ASSIGNED TASK.
Return, without pictures, the lines from the start of the data through the one that contains "판매량 변화 | ||".

Source data:
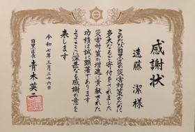 遠藤 潔は、2025年3月26日 東京都目黒区(以下「目黒区」)より目黒区長感謝状を受賞致しました。
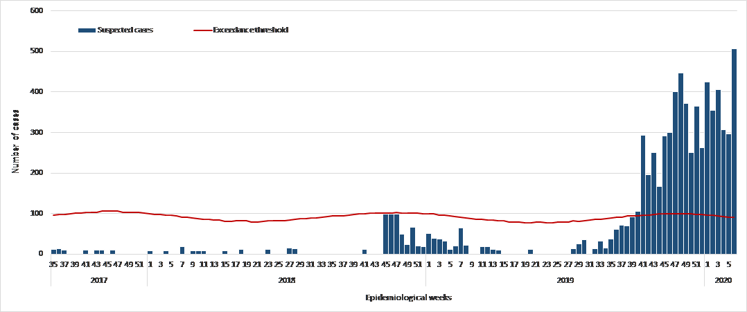 Figure 2. Distribution of suspected dengue cases by epidemiological week, Guadeloupe, August 2017 to 8 February 2020.
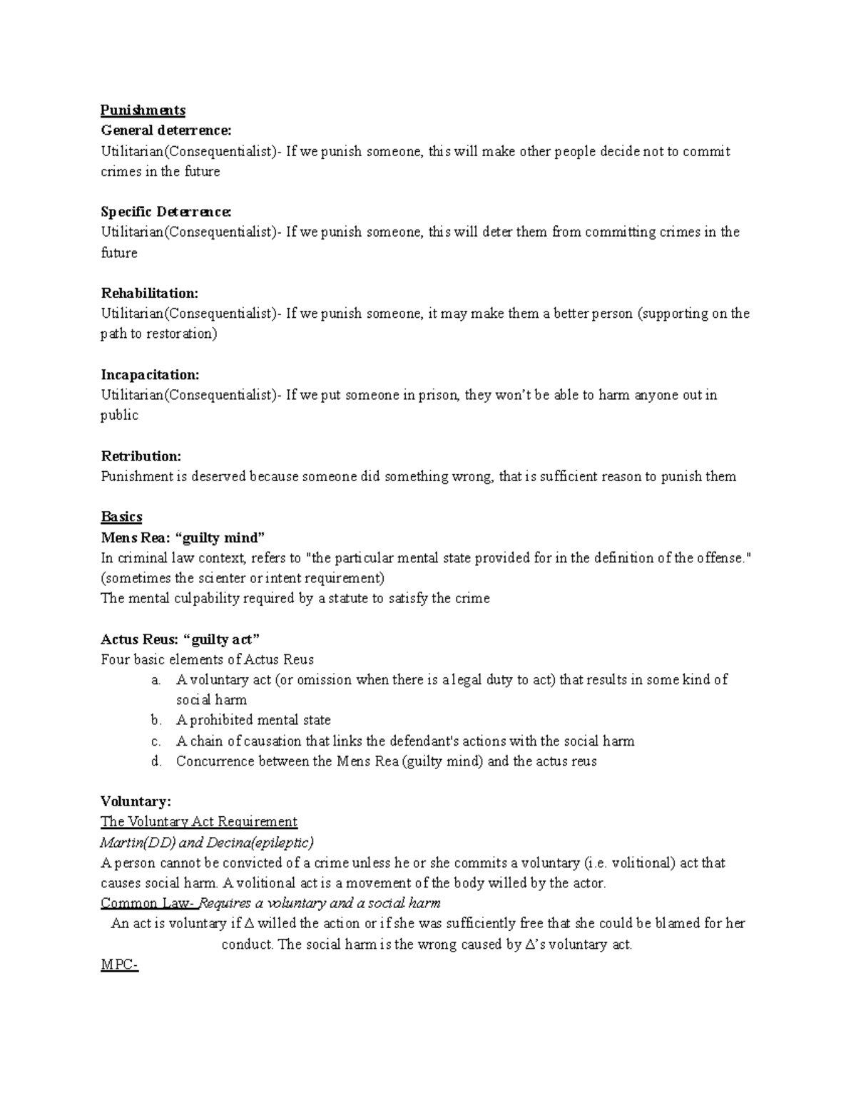 Crim Law outline for entire class - beginning to end - Punishments ...
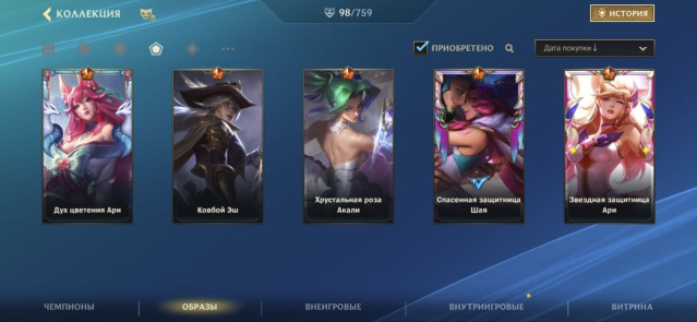 На акаунте присутсвует три лимитированых облика: Спасённая защитница Шая, Хрустальная роза Акали, Звездная защитница Джинкс (изысканное издание)
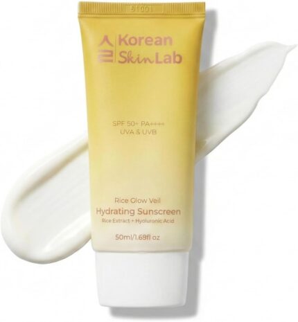 Rice Glow Veil Hydrating Sunscreen SPF 50+ PA++++ (50ml). No White Cast Daily Sun Block with Rice Extract & Hyaluronic Acid. Reef-Safe, Non-Sticky, Alcohol-Free. K-Beauty
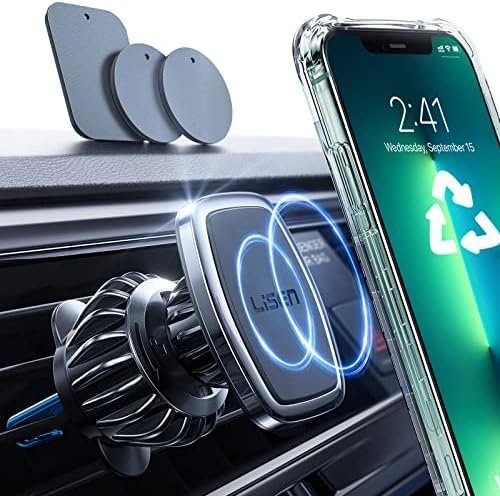 👍LOCK YOUR PHONE FIRMLY: LISEN Magnetic Phone Car Mount with 6 built-in strong magnets, the maximum bearing up to the weight of 6 tablets. Powerful suction keeps your cellphone stay stable even on a bumpy road. PLEASE NOTE:1. It is recommend that use the “square pad” on the back of your phone/case. It is more stable than the round. 2. ANY DEVICE NEEDS TO USE THE METAL PALTE EVEN iPhone 12 and iPhone13 14 15 .
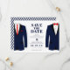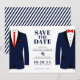 Deixe todos saberem que vocês dois fixaram uma data para o casamento com este cartão moderno de save the date com dois ternos navy. Personalize adicionando seus nomes, data e local do casamento.
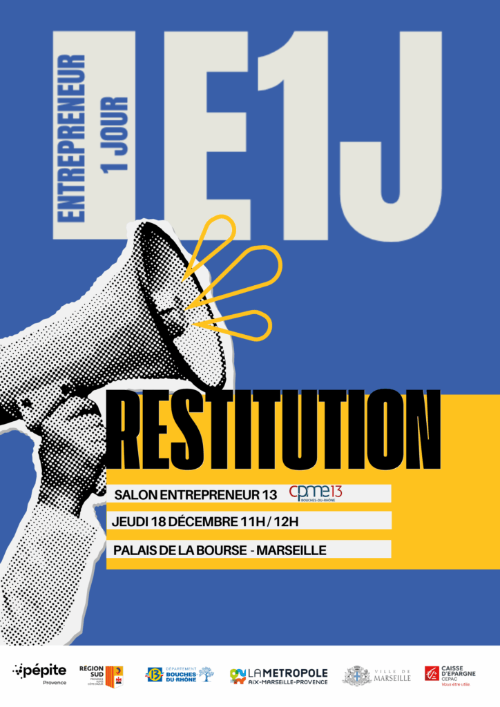 - Venir témoigner et/ou écouter les témoignages en compagnie de votre entreprise lors du salon Entrepreneur 13 à Marseille le 18 décembre.
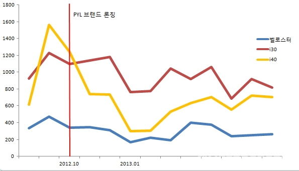 | ▲ PYL 브랜드 출범 후 각 모델들의 판매량 변화 | ||
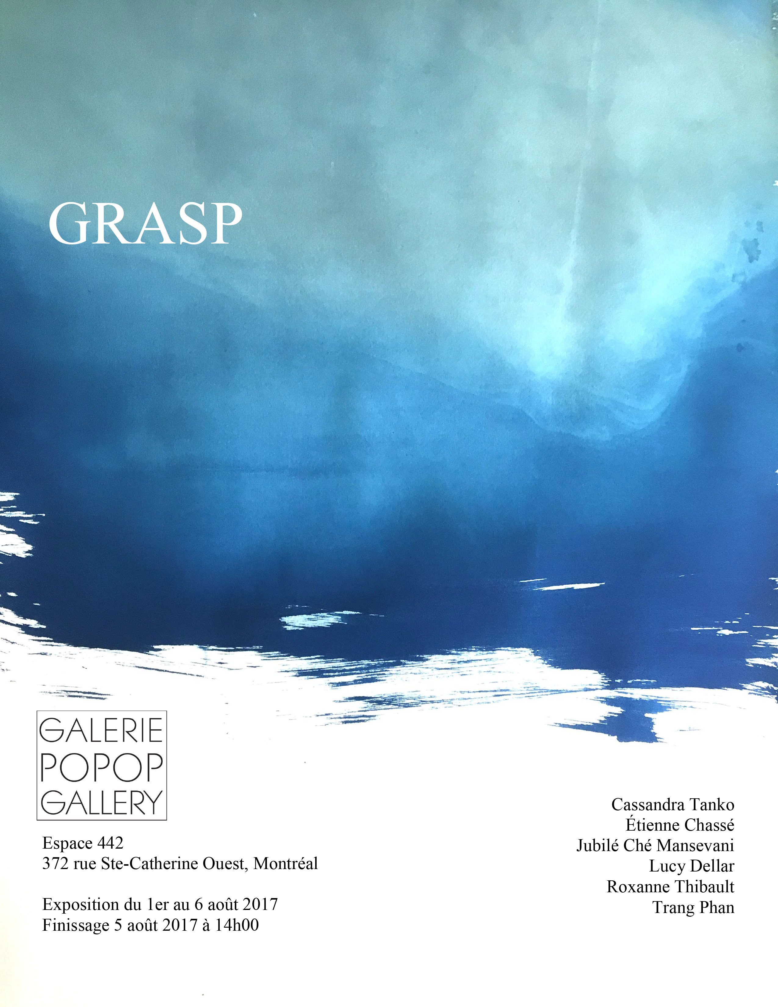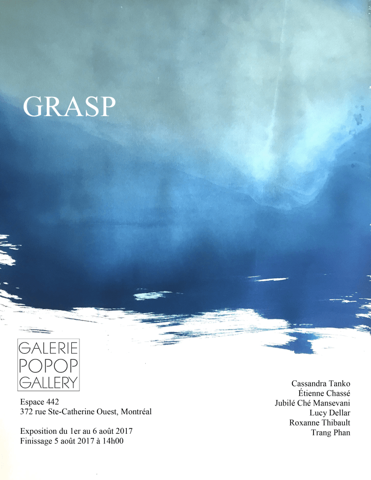 1 août 201710 août 2017Galerie POPOP Gallery Grasp // Concordia University Fine Arts students Exposition du 1er au 6 août 2017 Tous les jours : 11h00 à 17h00 Jeudi jusqu’à 20h Finissage samedi le 5 août, 14h00 à 17h00 Partager : Cliquer pour partager sur X(ouvre dans une nouvelle fenêtre) X Cliquez pour partager sur Facebook(ouvre dans une nouvelle fenêtre) Facebook J’aime chargement…
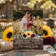 This rustic sunflower and burgundy roses country wedding Save the Date is perfect way to announce your upcoming wedding to your friends. This save the date features watercolor yellow sunflowers with burgundy roses and baby's breath and sage greenery paired with rustic plank barn wood. This is a perfect color scheme for a late summer or fall wedding Make this wedding announcement your own by including your names, photo and wedding details. For further customization, please click the "customize further" link and use the advanced design tool to modify this template.
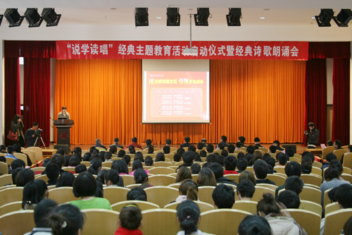 启动仪式后,来自学院大学生艺术团主持队的同学们为在场的观众奉献了一场经典诗歌朗诵会,以爱国、奋进、励志等为主题的经典诗歌引起了广大同学的共鸣,朗诵会在全体与会人员齐诵诗歌《向前冲》中圆满结束。

RESULT FOR THIS TASK.
 遠藤 潔は、2025年3月26日 東京都目黒区(以下「目黒区」)より目黒区長感謝状を受賞致しました。
 Figure 2. Distribution of suspected dengue cases by epidemiological week, Guadeloupe, August 2017 to 8 February 2020.
 Crim Law outline for entire class - beginning to end - Punishments ...
 На акаунте присутсвует три лимитированых облика: Спасённая защитница Шая, Хрустальная роза Акали, Звездная защитница Джинкс (изысканное издание)
 Rice Glow Veil Hydrating Sunscreen SPF 50+ PA++++ (50ml). No White Cast Daily Sun Block with Rice Extract & Hyaluronic Acid. Reef-Safe, Non-Sticky, Alcohol-Free. K-Beauty
 👍LOCK YOUR PHONE FIRMLY: LISEN Magnetic Phone Car Mount with 6 built-in strong magnets, the maximum bearing up to the weight of 6 tablets. Powerful suction keeps your cellphone stay stable even on a bumpy road. PLEASE NOTE:1. It is recommend that use the “square pad” on the back of your phone/case. It is more stable than the round. 2. ANY DEVICE NEEDS TO USE THE METAL PALTE EVEN iPhone 12 and iPhone13 14 15 .
 Deixe todos saberem que vocês dois fixaram uma data para o casamento com este cartão moderno de save the date com dois ternos navy. Personalize adicionando seus nomes, data e local do casamento.
 - Venir témoigner et/ou écouter les témoignages en compagnie de votre entreprise lors du salon Entrepreneur 13 à Marseille le 18 décembre.
 | ▲ PYL 브랜드 출범 후 각 모델들의 판매량 변화 | ||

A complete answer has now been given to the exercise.